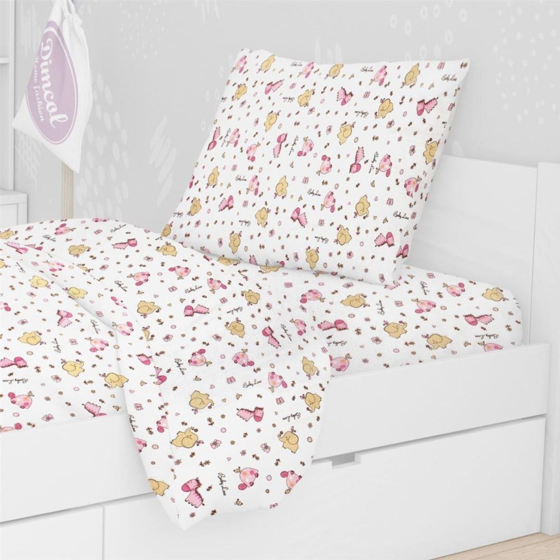 Παιδική Μαξιλαροθήκη Φανελένια Dimcol Elephant 072 50X70 White-Pink
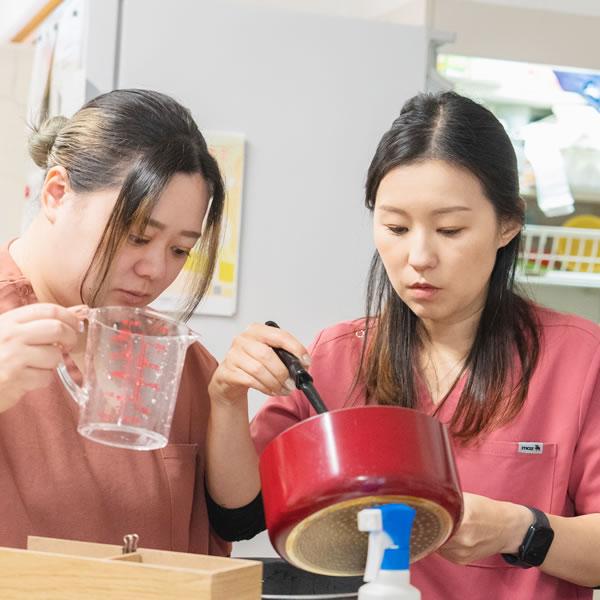 朝からお預かりする土曜日は、みんなで「昼食レク」と称したお昼ごはんづくりをしています。自分で作ったごはんを食べることが食育につながり、ご家族の負担を少しでも減らせれば…と願っています。
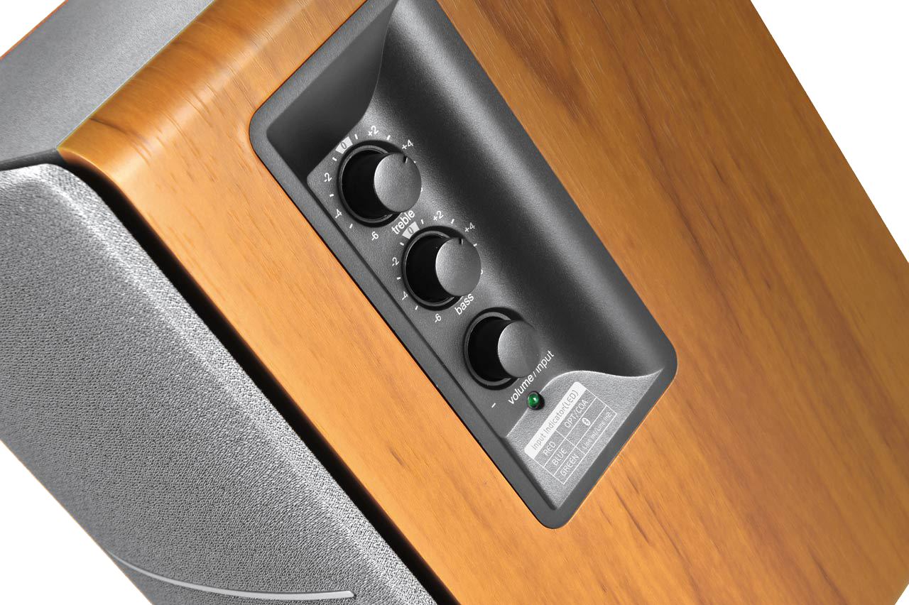 Adjust the EQ using the on-board controls located on the active/powered Bluetooth speaker. Treble, bass, and volume knobs located on the side panel. The clear accessibility to on-board controls and modern functionality heighten the amiability of the R1280BD powered Bluetooth speakers. Clear and concise controls compliment the manual providing uninterrupted playtime.
========================================
- Work order -
Your response must reproduce every line of the data exactly, with images omitted.

- Expected output -
 Παιδική Μαξιλαροθήκη Φανελένια Dimcol Elephant 072 50X70 White-Pink
 朝からお預かりする土曜日は、みんなで「昼食レク」と称したお昼ごはんづくりをしています。自分で作ったごはんを食べることが食育につながり、ご家族の負担を少しでも減らせれば…と願っています。
 Adjust the EQ using the on-board controls located on the active/powered Bluetooth speaker. Treble, bass, and volume knobs located on the side panel. The clear accessibility to on-board controls and modern functionality heighten the amiability of the R1280BD powered Bluetooth speakers. Clear and concise controls compliment the manual providing uninterrupted playtime.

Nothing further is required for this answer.